Last edited: Sep 7, 2006
14. Sep 7, 2006

### RubyRed

so if I divide both sides by 3 I have 67.2 = (12-x)(7-x)/3 is that right so far?

15. Sep 7, 2006

### RubyRed

but how do I foil it if it is all over 3?? or when I divide by 3 does it just cancel out the (3) and not affect the others. Should it be 67.2=(12-x)(7-x)

16. Sep 7, 2006

### bob1182006

no, if you divided by 3 you'd just have 67.2=(12-x)(7-x)

17. Sep 7, 2006

### RubyRed

ok I thought you had to divide every single thing by 3...my bad(jeepers it has been so long since I have done this!), ok so now I have 67.2=84-19x+x^2 so now I can plug it into the equation you showed me?

18. Sep 7, 2006

### RubyRed

19. Sep 7, 2006

### bob1182006

well if you had it lw3 then it would be 3l*3w, so dividing by 3 would just leave lw or (12-x)(7-x)
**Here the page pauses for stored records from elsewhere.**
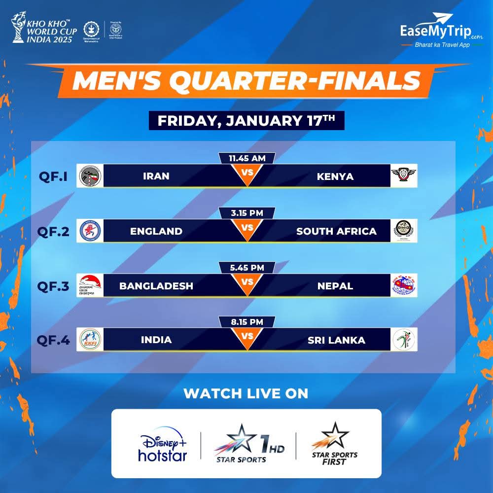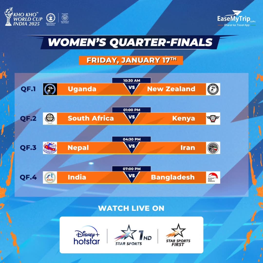 काठमाडौं (हाम्रो खेलकुद)- नेपालको महिला र पुरुष दुवै टोलीले भारतमा जारी खो खो विश्व कपमा शुक्रवार क्वाटरफाइनलमा खेल्दैछन् ।
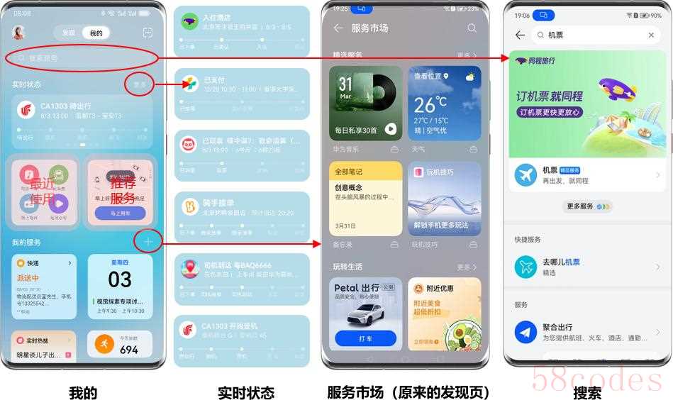 路径三:同样进入服务市场后,在服务市场的搜索框里输入上述关键词,也能快速找到并添加至负一屏。
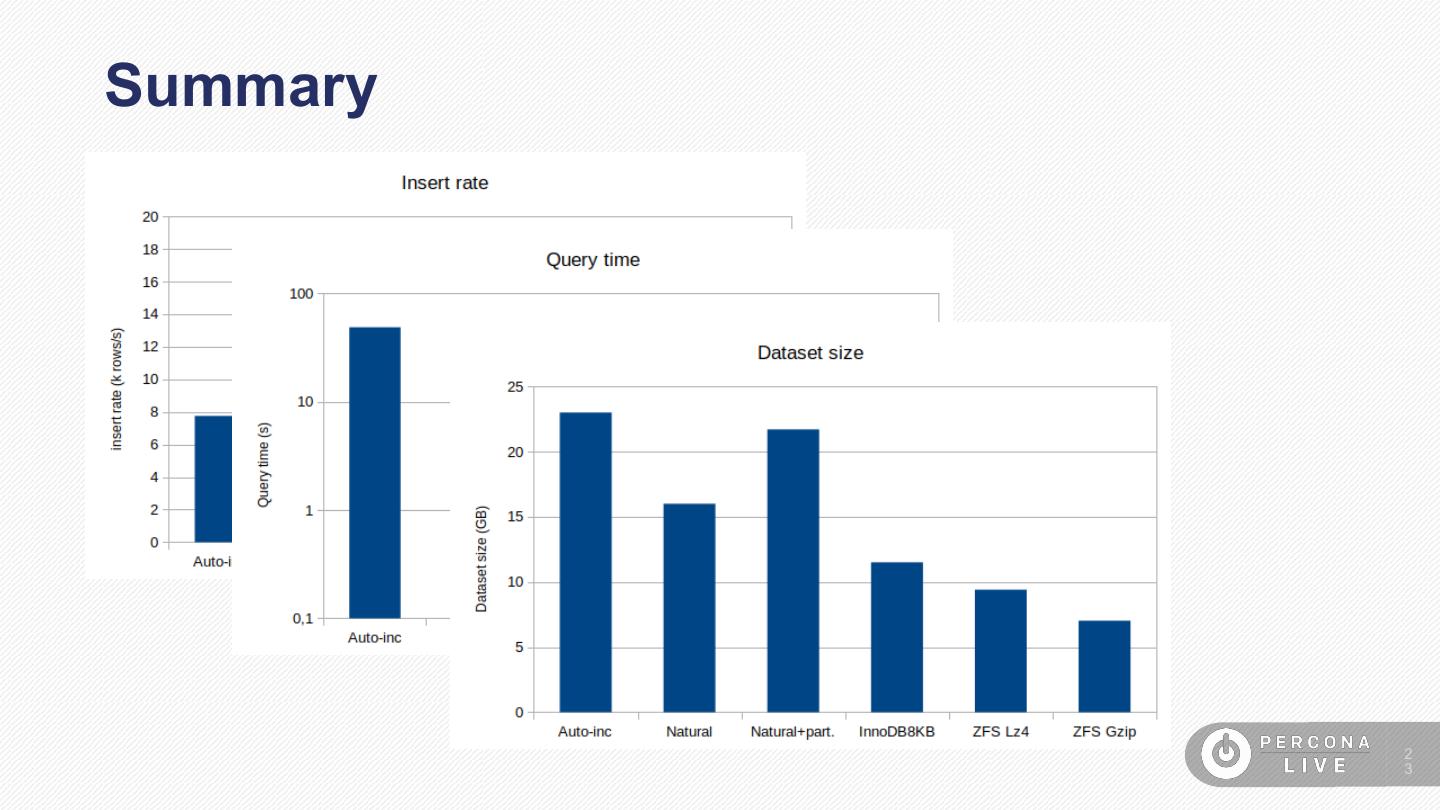 16 . Iteration #3: Natural PK + Partitions CREATE TABLE `CollectorMetrics` ( `deviceId` int(10) unsigned NOT NULL, `metricId` smallint(5) unsigned NOT NULL, `Value` float NOT NULL, `TS` int(10) unsigned NOT NULL, PRIMARY KEY (`deviceId`,`metricId`,`TS`) ) ENGINE=InnoDB DEFAULT CHARSET=latin1 /*!50100 PARTITION BY RANGE (TS) (PARTITION p1555691218 VALUES LESS THAN (1555691218) ENGINE = InnoDB, PARTITION p1555692118 VALUES LESS THAN (1555692118) ENGINE = InnoDB, PARTITION p1555693018 VALUES LESS THAN (1555693018) ENGINE = InnoDB, … PARTITION p1555719118 VALUES LESS THAN (1555719118) ENGINE = InnoDB, PARTITION pMax VALUES LESS THAN (4294967295) ENGINE = InnoDB) */ 32 partitions 1 6

edit: sorry didnt see your last posts

kz you got everything right so far, now just move the 67.2 over to the right side so its all =0 and plug a/b/c intot he quadratic formula to solve for x

Last edited: Sep 7, 2006
20. Sep 7, 2006

### RubyRed

ok I got x=12 or x=7 but those were the original 2 numbers. lol...how did i get that? I will try to show what I did. I foiled and got 67.2= 84-19x+x^2 I plugged it in and got x= -(-19) +- square root of 19^2-4(1)(84) over 2(1) (you might want to write that out to visualize it) so then I got it down to x=19+- square root of 361-336 over 2. Which = x=19 =- square root of 25 over 2, which is then x=19 +- 5 over 2. So then I did x=19-5 over 2 which is x=14 over 2 which is x=7. Then 19+5 over 2 which is x=24 over 2 which is 12....but those can't be right becuse then it would be the SAME EXACT as before I reduced it by 20%....how did that happen?